I may at times assume too much familiarity and risk misunderstanding, but sometimes that and honesty cannot be risked.
ronemca 
Copper - Posts: 107
Copper spacespace
Joined: November 09, 2012
Location: Ontario, Canada
Posted: January 04, 2014 at 9:38 PM / IP Logged  
Have at it, gentlemen! Let fly the wurdz uv wizzduhm. While I can hardly get any more good looking...I can certainly improve my knowledge base. Besides - I'm having fun! With flying season well & truly over...I need the distraction.
That said, I am not now -- nor do I expect to become -- involved to quite the degree that is being hinted at in this thread. (Ms. Kate Beckinsale occupies far too much of my attention here at the manor)
But if -- with the guidance and discussion that is being kindly offered here -- I can get this rig up & running without burning anything up, I will be a happy camper. [thumbup]
oldspark 
Gold - Posts: 4,913
Gold spacespace
Joined: November 03, 2008
Location: Australia
Posted: January 05, 2014 at 3:40 AM / IP Logged  
OK, I just read the entire thread.
Gents, I am VERY disappointed - there was not as much humor as I expected tho IMO Ween takes the prize with Diode School, 101 Semiconductor Lane (I thought it was Semiconductor Tunnel, Ling).
However the experience and tips made up for that. To see others that know of bad crimpers, soldering, etc etc.
And ronemca - you nailed the freewheeling or spike-protection or snubber diode across the relay coil. That was a quick learn indeed - you seemed to grasp it easily.
FYI - my summary is that the diode is normally reverse biased (does NOT conduct) so it has no effect on the circuit, but when a coil releases (is de-energised) it produces a huge -ve spike so that the normally +ve end (86) is more -ve then the GND or -ve end (85), and that can wreck attached electronics.
It also gives a nice kick if you'd like to put a finger on each of terminals 85 & 86 when you de-energise the coil.
Anyhow, that's when the diode conducts and hence shorts that -ve pulse.
And 12V/24V coils generally generate spikes up to ~200V, and hence 1N4004 (400V) or 1N4007 (1000V) diodes are used.
1N400x diodes handle 1A. The general guidance is that the diode should handle twice the current of the coil, and since most automotive relays like we are using are 250mA or less (hence needing a 500mA diode), the 1N400x series is fine.

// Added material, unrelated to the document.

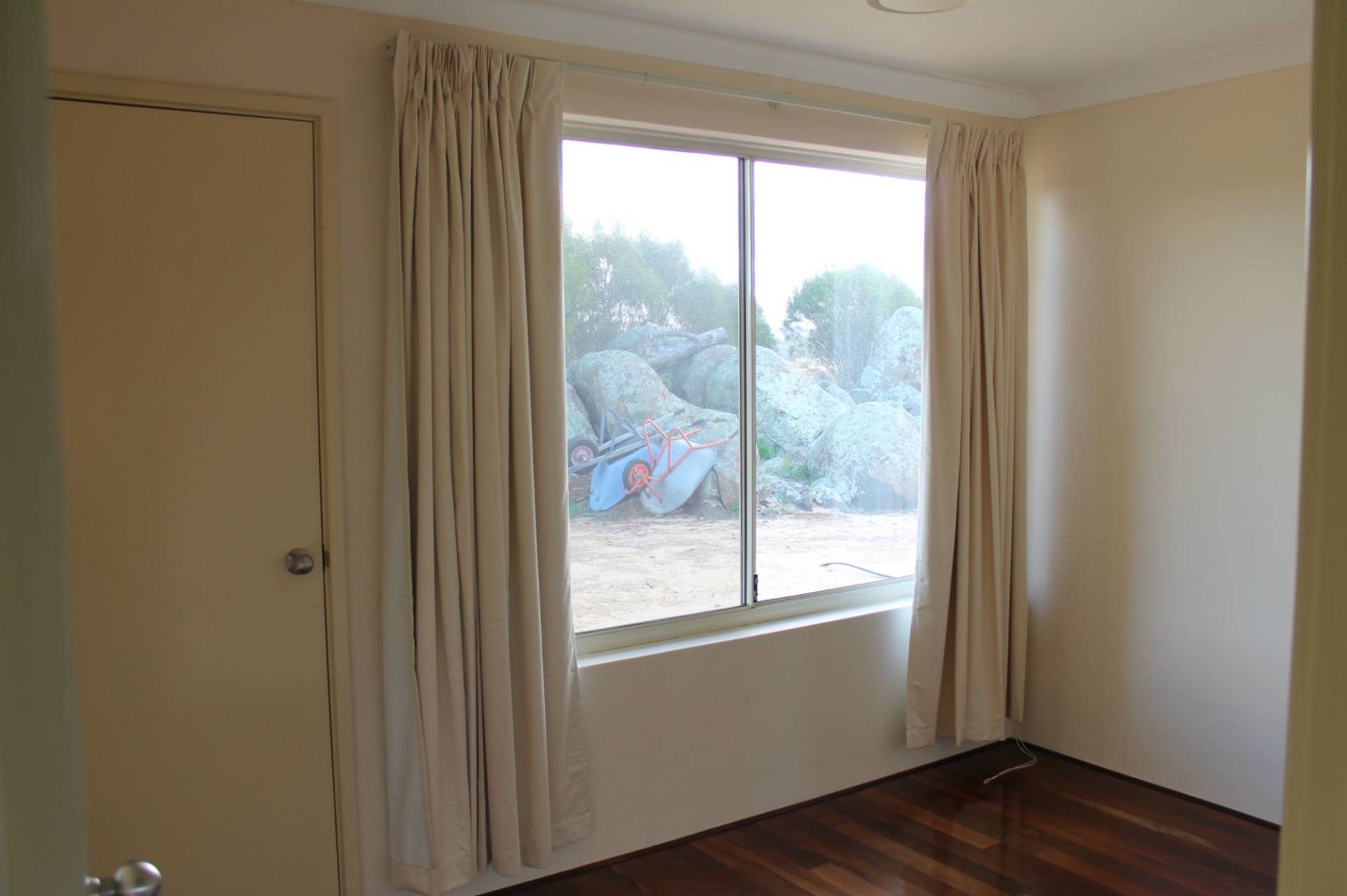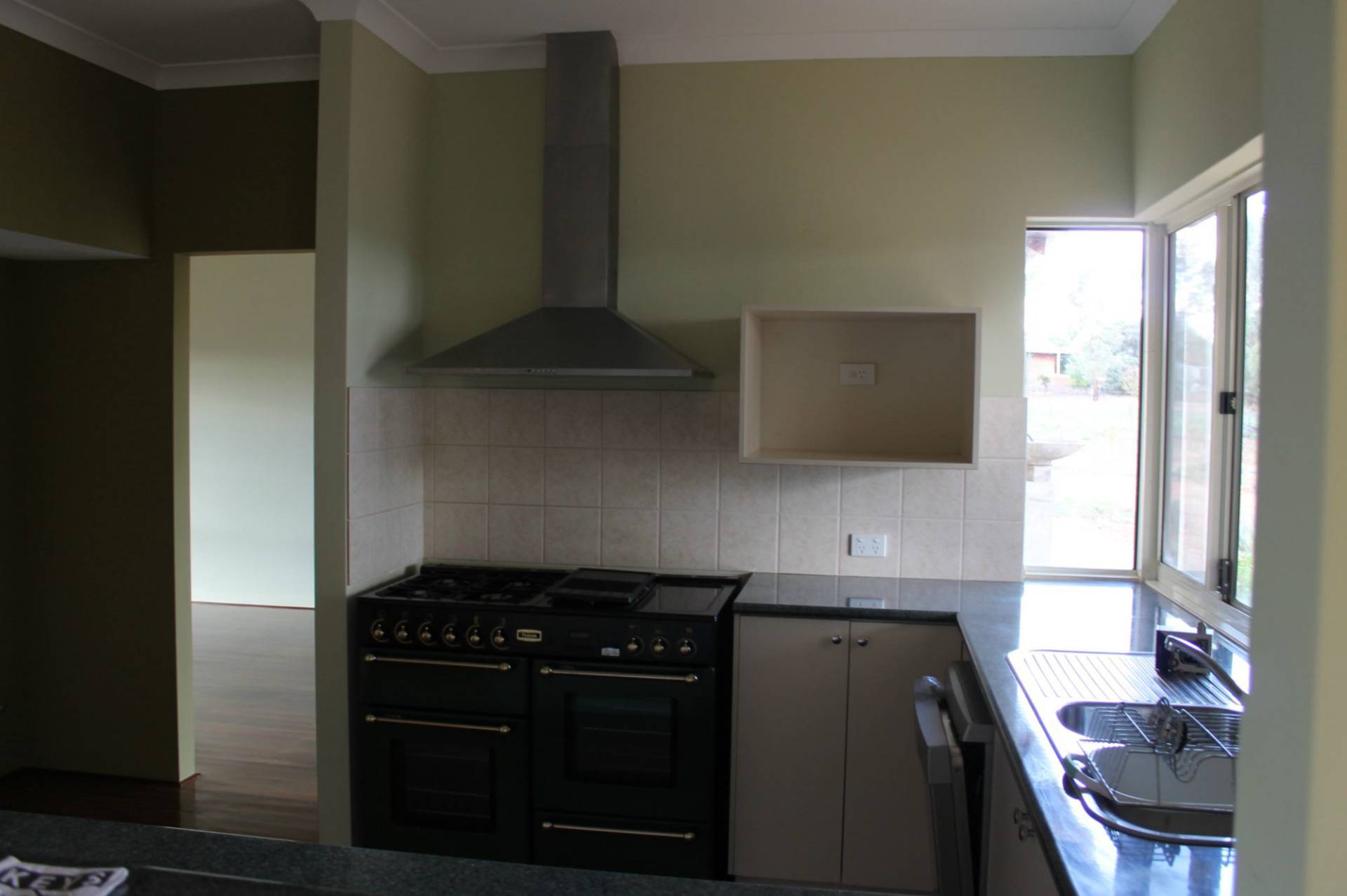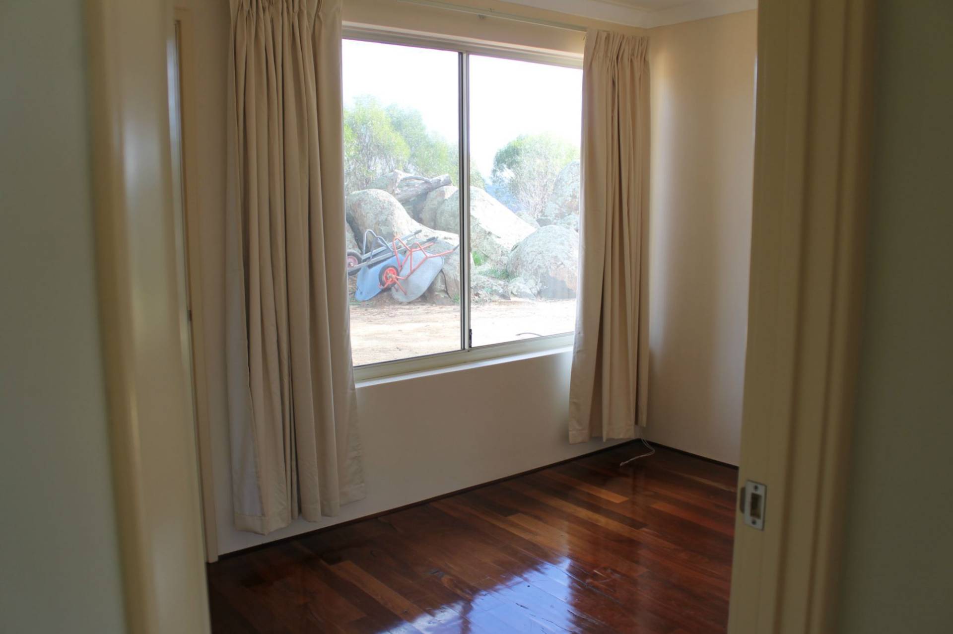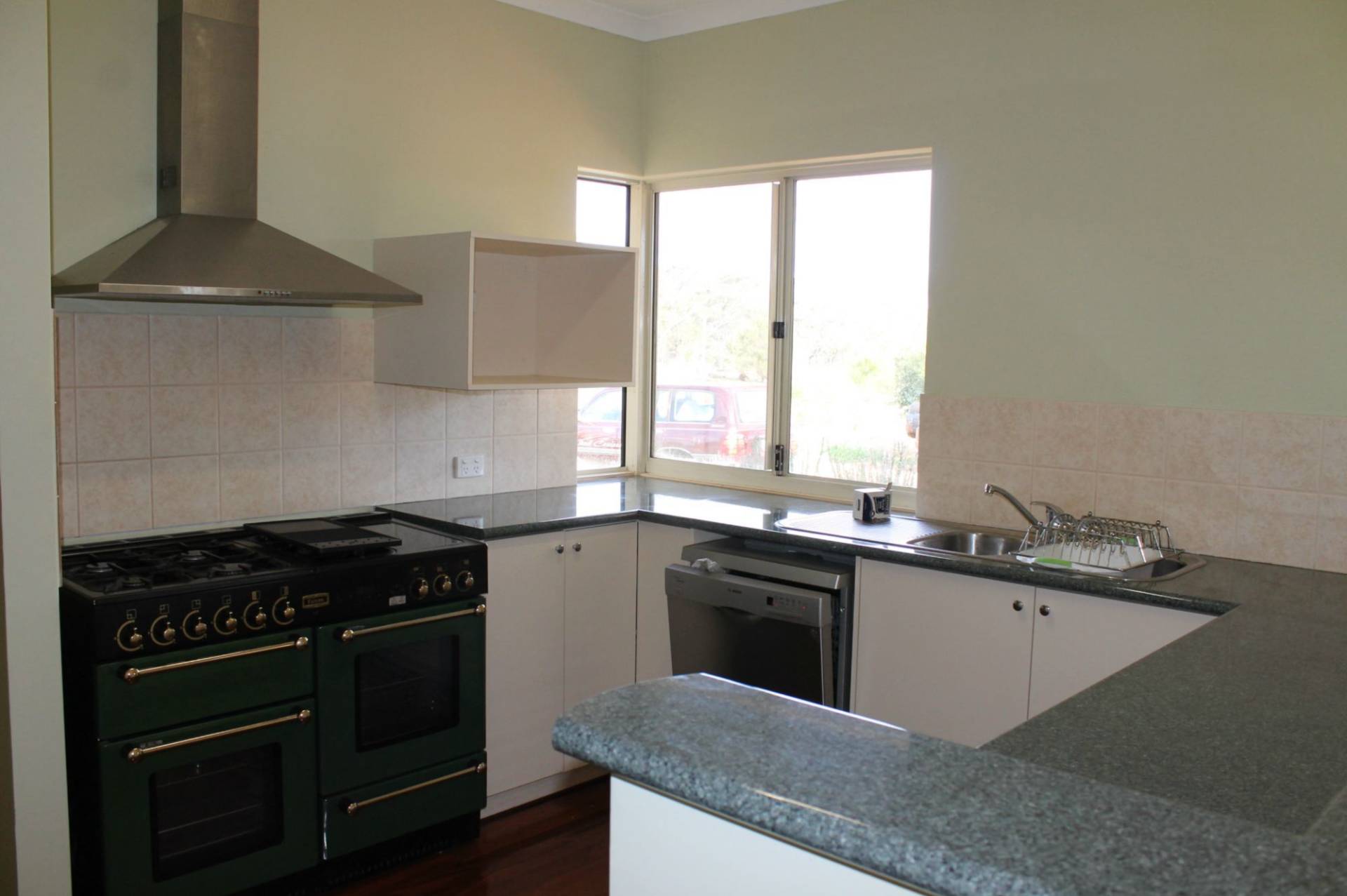 The dining room leads out to the small rear patio where you can sit and look over the hills of Toodyay.

So instead of generating a back-EMF (spike) of ~100V to -300V which will kill most semiconductors, it is snubbed to a mere ~0.7V which is safe. And as Ween wrote, will also reduce noise. (Good one Ween - I rarely think of that even though I had dash lights that would flash on when I turned off my highbeams.)

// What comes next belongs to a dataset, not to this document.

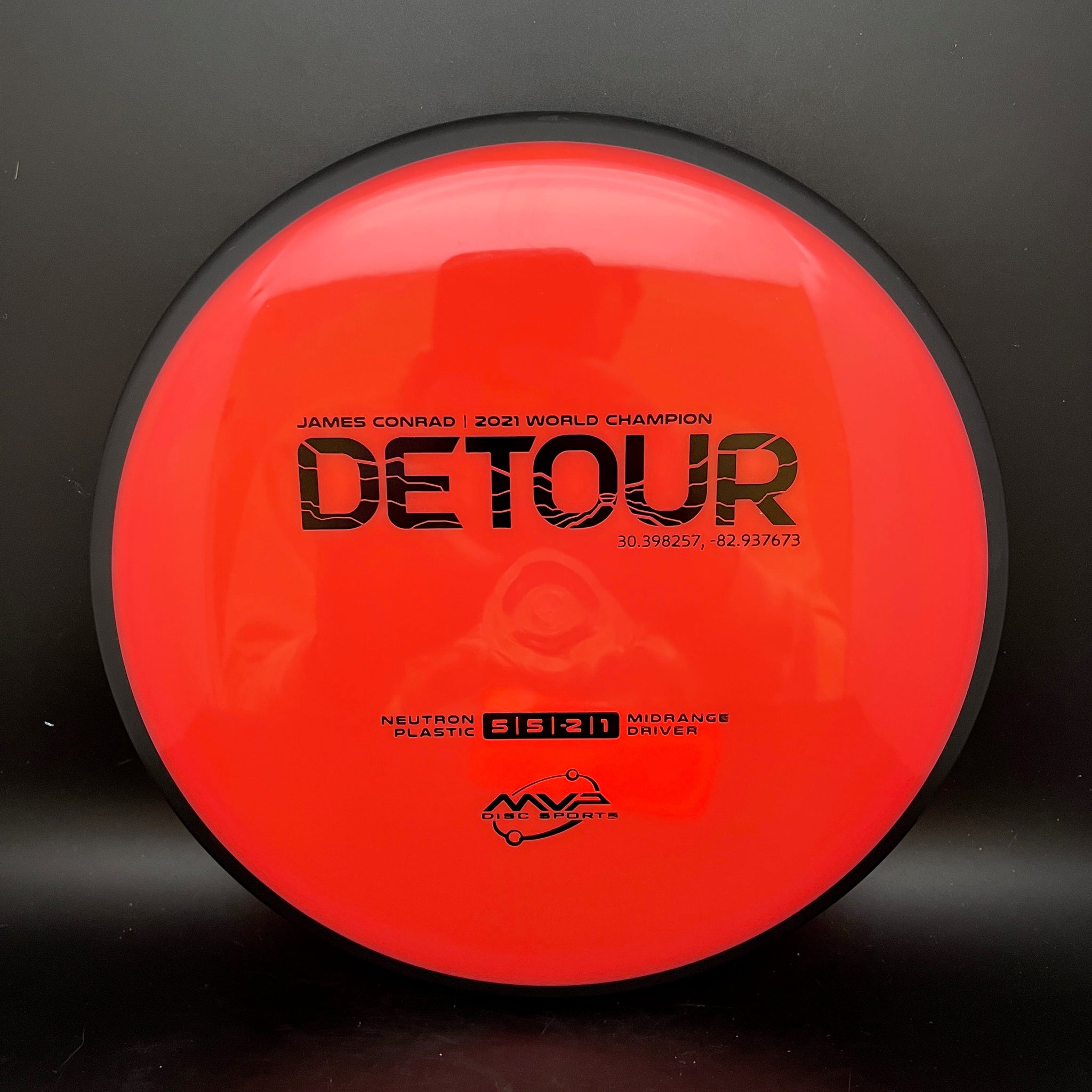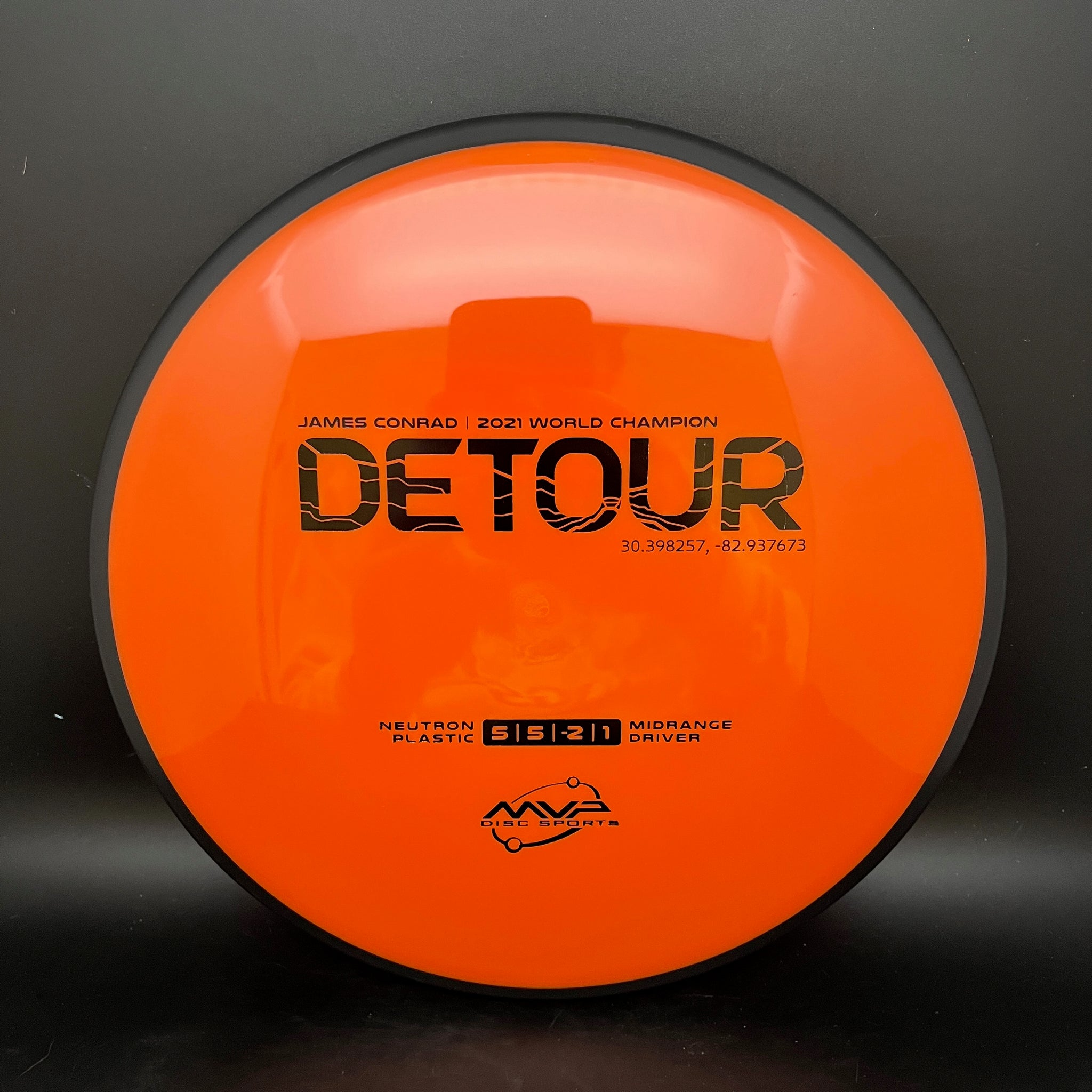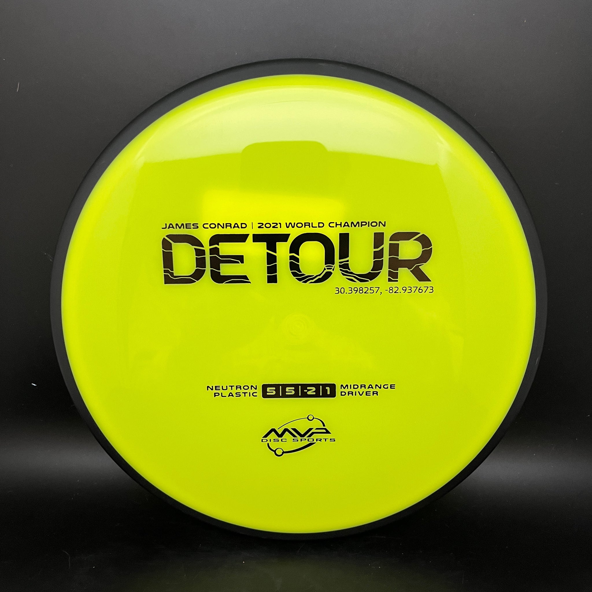 The fan favorite Neutron Detour has arrived as a stock offering! Fitting perfectly between the Axiom Hex and MVP Uplink, the newest addition to the James Conrad lineup slides in with flight numbers of 5 | 5 | -2 | 1. As a backhand dominant player, Conrad is known for his beautiful turnover lines, and the Detour excels beautifully at those long panning turnovers as well as easy hyzer-flips. Experienced players will find the Detour to be exceptionally easy to manipulate for a wide variety of shot shapes, while newer players will find a delightfully straight flier, perfect for learning the game.

Incidentally, I hate relays with inbuilt diodes (variou$ reason$) and instead prefer to incorporate 1N4004/7s in the harness or socket.

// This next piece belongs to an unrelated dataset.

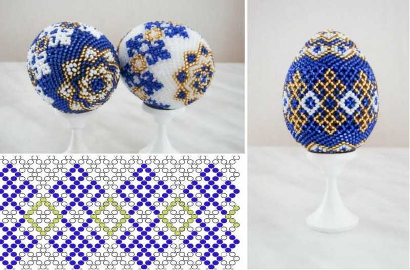 Бисерное яйцо «Гжель» Схема плетения и описание — два варианта

And tho I usually don't bother because mine are mechanically switched, I may start including diodes as standard for the sake of noise suppression.
As to relays with inbuilt snubber resistors, IMO why bother - go it properly.
And that's a good segway... You all like to do things properly. And over design. (I won't say over-engineer...) IE - ensure it works, remains reliable, and is reasonable future proof.
YAY!
But like I said - impressive stuff. I thought long threads meant trouble. This is an (IMO rare) exception. Ok, some confusion about coil diodes, but so what? And I was worried about a metal case housing wireless receivers...
I like Ween's feeder cable splitting (1-8ga = 2-11ga = 4-14ga) as well as other great bits.
And burntkat has so many comments that hit home. (Obviously you must have flamed any cat deliberately - it certainly would not be accidental!)
And as to Sir OP - a quick learner with an interesting expression of humor.
Anyhow, I'll get back to burning some servos I got from the wreckers...
Maybe after some wine. (It was a warm sunny day until the smell of bushfires rode in ahead of real gusty chilly winds and black storm clouds that were quire scary. If only I had a drink for the road... (no! never.).)